START THE RECORDS

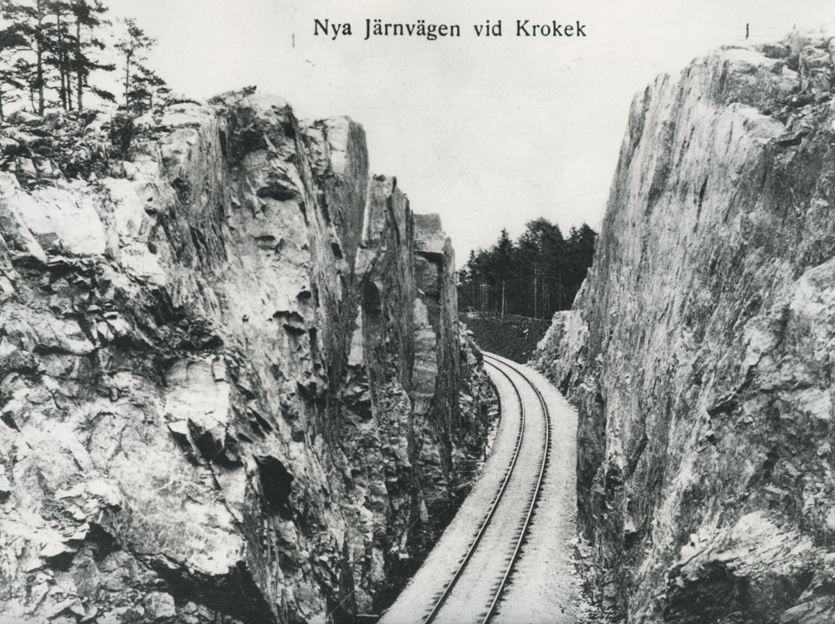 Bild på skärning genom berget, för nya stambanan Järna-Norrköping.
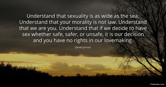 Jarman, Derek. (2026, January 16). Understand that sexuality is as wide as the sea. Understand that your morality is not law. Understand that we are you. Understand that if we decide to have sex whether safe, safer, or unsafe, it is our decision and you have no rights in our lovemaking. FixQuotes. https://fixquotes.com/quotes/understand-that-sexuality-is-as-wide-as-the-sea-111288/
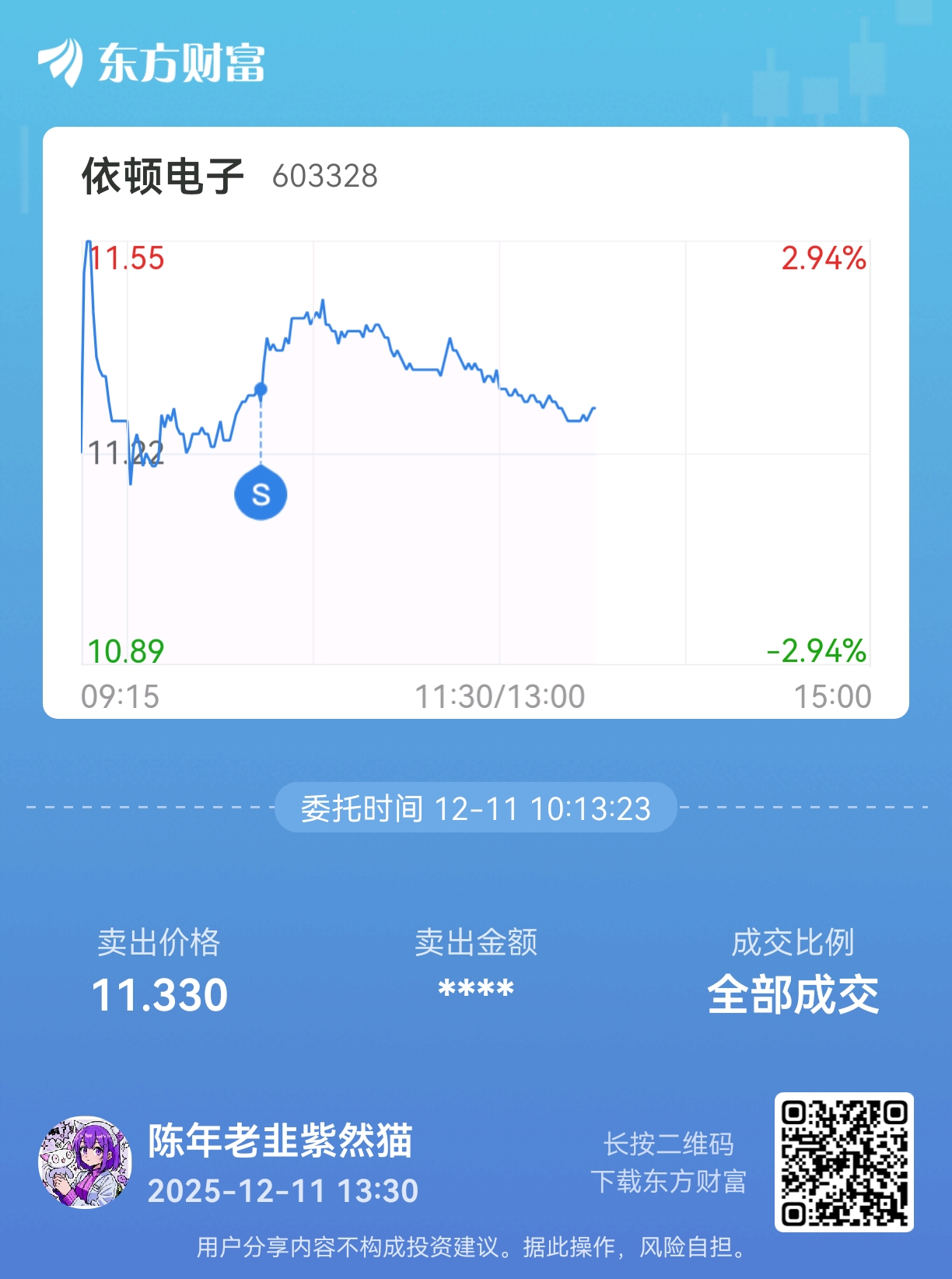 $依顿电子(SH603328)$ 小赚8个点,撤退!剩下的发财
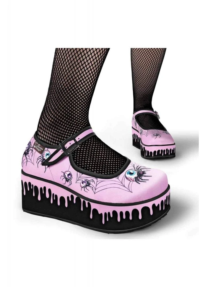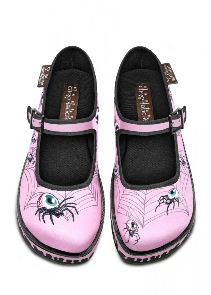 Chocolaticas Pink Widow Mary Jane Platform. These elegant yet quirky shoes are proudly vegan with a stunning pink spider design. Elevate your look with the 5.5cm/2.2″ platform rubber sole and enjoy the comfort of a cushioned inner sole and arch support. You’ll fall in love with these stunning shoes which feature an adjustable buckle and vibrant printed fabric upper. Please see HCD’s size guide in the images for that perfect fit.
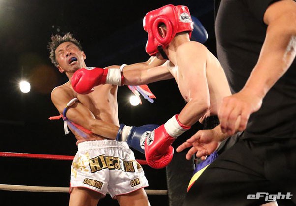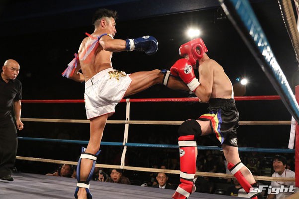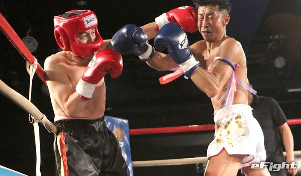 2R、膝蹴りで仕掛けるHIDE(左)に飛鳥(右)が右ストレートで反撃
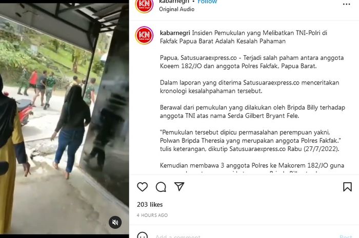 Dari keterangan dalam unggahan kronologis kejadian berawal dari pemukulan yang dilakukan oleh Bripda Billy terhadap anggota TNI Serda Gilbert Bryant.
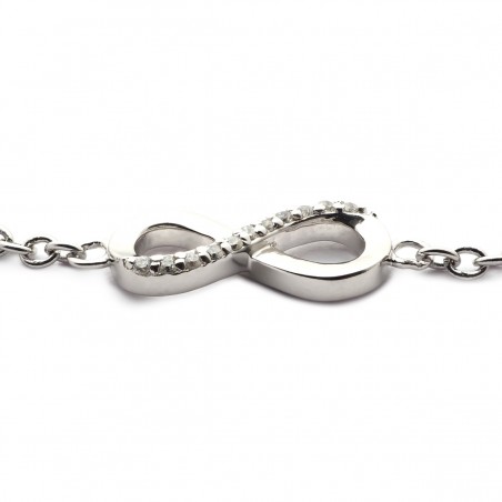 Découvrez le bracelet femme en argent 925/000 proposé par votre bijoutier Carador. Son design chic et délicat s'inspire du symbole infini, conférant à ce bijou une allure résolument tendance. Le motif infini, minutieusement travaillé, est partiellement orné d’oxydes de zirconium. Ces pierres incolores ajoutent un éclat brillant à l'ensemble, captant la lumière à chaque mouvement de votre poignet.
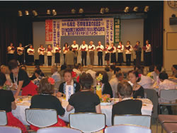 毎月開くお食事会のときに、「始まる前に歌でもあったらいいね」と出た一言がきっかけでした。当友の会の新聞「北斗星」で歌を募集し、遠藤明子さんが作 詞、瀬川悟郎さんが作曲を担当して完成。 当日はコーラスサークル「青い鳥」が合唱しました。数え歌になっていて、「ホイ」という掛け声も調子よく、みん なで楽しく歌えそうです。
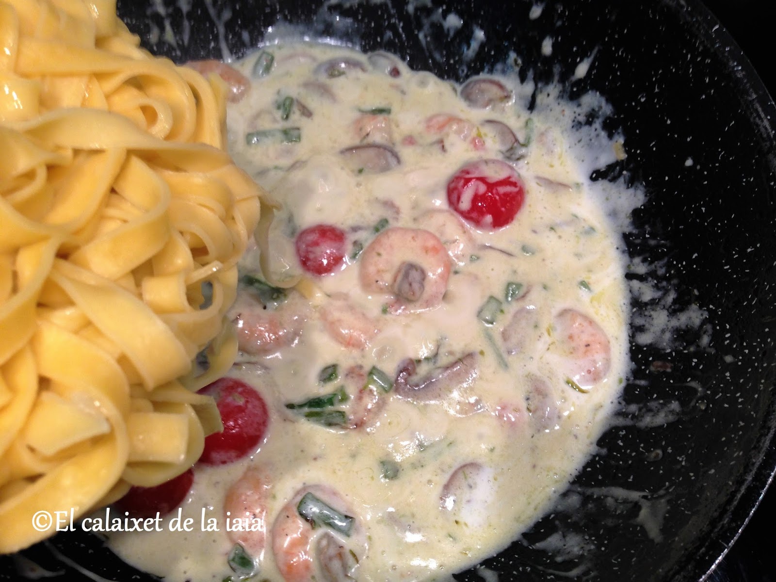 Receta de un plato riquísimo tanto caliente como tibio. He preparado unas cintas de pasta fresca con gambas peladas y espárragos trigueros, que ha resultado un plato muy bueno.
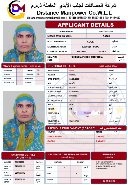الشركة ‏ المسافات لجلب الايدي العاملة H

END THE RECORDS

* TASK TO COMPLETE
An exact copy of every record above is needed, with all pictures left out.

* RESULT OF THIS EXERCISE
 Bild på skärning genom berget, för nya stambanan Järna-Norrköping.
 Jarman, Derek. (2026, January 16). Understand that sexuality is as wide as the sea. Understand that your morality is not law. Understand that we are you. Understand that if we decide to have sex whether safe, safer, or unsafe, it is our decision and you have no rights in our lovemaking. FixQuotes. https://fixquotes.com/quotes/understand-that-sexuality-is-as-wide-as-the-sea-111288/
 $依顿电子(SH603328)$ 小赚8个点,撤退!剩下的发财
 Chocolaticas Pink Widow Mary Jane Platform. These elegant yet quirky shoes are proudly vegan with a stunning pink spider design. Elevate your look with the 5.5cm/2.2″ platform rubber sole and enjoy the comfort of a cushioned inner sole and arch support. You’ll fall in love with these stunning shoes which feature an adjustable buckle and vibrant printed fabric upper. Please see HCD’s size guide in the images for that perfect fit.
 2R、膝蹴りで仕掛けるHIDE(左)に飛鳥(右)が右ストレートで反撃
 Dari keterangan dalam unggahan kronologis kejadian berawal dari pemukulan yang dilakukan oleh Bripda Billy terhadap anggota TNI Serda Gilbert Bryant.
 Découvrez le bracelet femme en argent 925/000 proposé par votre bijoutier Carador. Son design chic et délicat s'inspire du symbole infini, conférant à ce bijou une allure résolument tendance. Le motif infini, minutieusement travaillé, est partiellement orné d’oxydes de zirconium. Ces pierres incolores ajoutent un éclat brillant à l'ensemble, captant la lumière à chaque mouvement de votre poignet.
 毎月開くお食事会のときに、「始まる前に歌でもあったらいいね」と出た一言がきっかけでした。当友の会の新聞「北斗星」で歌を募集し、遠藤明子さんが作 詞、瀬川悟郎さんが作曲を担当して完成。 当日はコーラスサークル「青い鳥」が合唱しました。数え歌になっていて、「ホイ」という掛け声も調子よく、みん なで楽しく歌えそうです。
 Receta de un plato riquísimo tanto caliente como tibio. He preparado unas cintas de pasta fresca con gambas peladas y espárragos trigueros, que ha resultado un plato muy bueno.
الشركة ‏ المسافات لجلب الايدي العاملة H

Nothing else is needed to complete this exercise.